The History of S'mores: From Scout Campfires to Camping and Overlanding Culture

Few things in the outdoor world carry the kind of universal, cross-generational gravity that a s'more does. It is not a complicated recipe. It does not require culinary training or exotic ingredients. And yet, the simple act of roasting a marshmallow over open flame and pressing it between graham crackers and chocolate has become one of the most enduring rituals in American camping culture. The s'more is a campfire handshake. It is the thing that tells you the day of hiking, driving, paddling, or exploring is officially done, and the night belongs to the fire.

Perfectly made s'mores
Campfire and s'mores. Image: Patrick Ma

 

To understand how this happened, you have to go back about a century, to a time when the American outdoors was being rediscovered not as wilderness to be conquered, but as a place to build character, community, and self-reliance.
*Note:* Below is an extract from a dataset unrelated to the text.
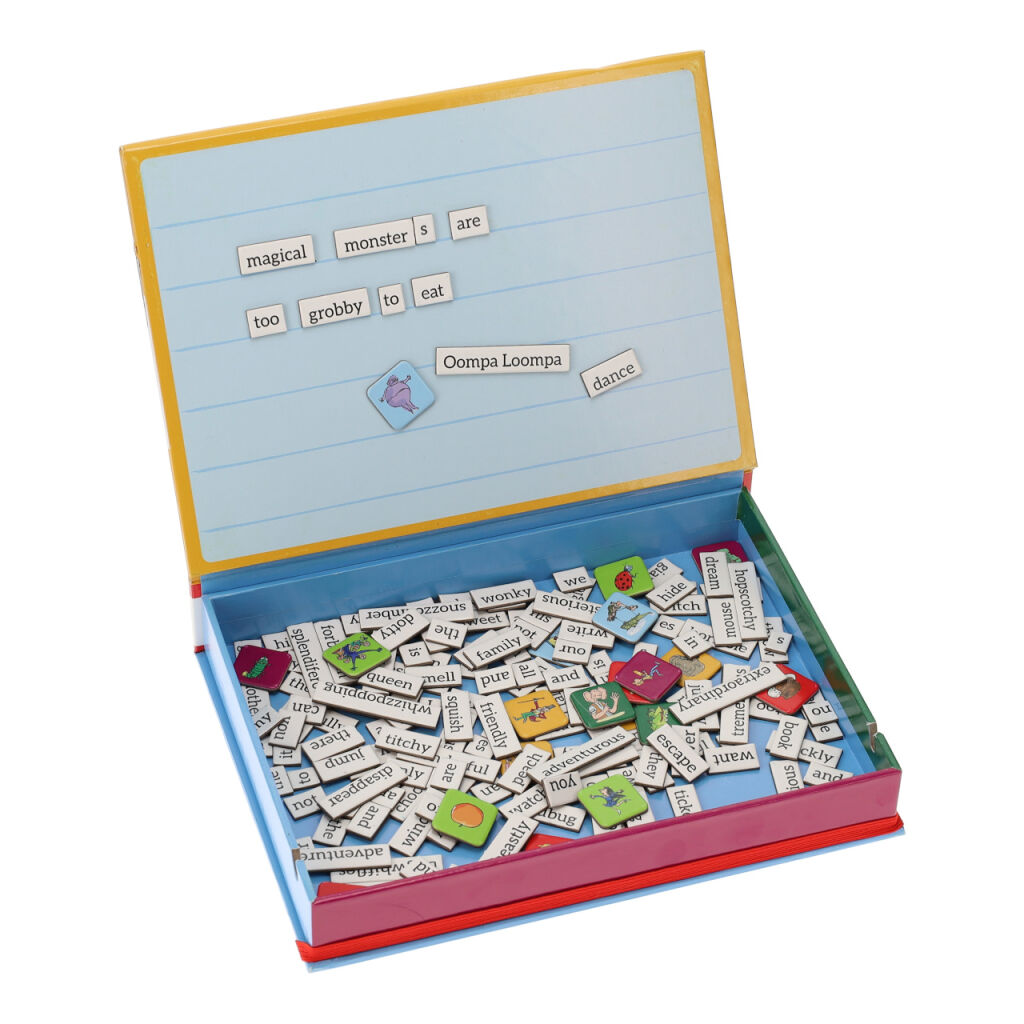 Sestavte rozverný příběh, nebo báseň pomocí pojmů užívaných v knihách Roalda Dahla. Vybírejte ze stovek magnetek se slovy a obrázky, sázejte je do řádků a tvořte originální sousloví. Hru zdobí původní, originální ilustrace z knih. Je v anglickém jazyce a je vhodnou pomůckou k procvičování angličtiny. Tabulka je společně s magnetky uložena v praktické krabičce, a je tak připravena Vás doprovázet i na cestách. Vyrobeno z udržitelně získaného papíru, potištěno rostlinnými inkousty.

Roots in the Scouting Movement

The story of s'mores begins with marshmallows, and marshmallows begin much further back than most people realize. The ancient Egyptians, around 2000 BCE, harvested sap from the root of the Althaea officinalis plant (the "marsh mallow"), combining it with honey and nuts to create a medicinal confection reserved for royalty and used to treat sore throats. By the 19th century, French confectioners had refined the concept into the spongey, sugar-based candy we recognize today. Once manufacturing processes made marshmallows affordable and widely available in the early 1900s, they became a natural companion to the growing American camping movement.

Campfire s'mores
Summertime camping and s'mores. Image: Patrick Ma

 

The Boy Scouts of America included marshmallow roasting in "The Official Handbook for Boys" as early as 1911. Campfire Marshmallows, introduced commercially in 1917, recognized scouts as a core customer and ran advertisements encouraging boys to carry marshmallows on hikes. But it was the Girl Scouts who took the next decisive step. In 1927, a recipe titled "Some More" appeared in the handbook Tramping and Trailing with the Girl Scouts. The recipe, attributed to troop leader Loretta Scott Crew, called for 16 marshmallows, eight bars of plain chocolate, and graham crackers. The instructions were direct: toast two marshmallows over the coals to a crisp, gooey state, then place them inside a graham cracker and chocolate bar sandwich. The handbook noted that the heat of the marshmallow would melt the chocolate, and that while the result tasted like "some more," one was really enough.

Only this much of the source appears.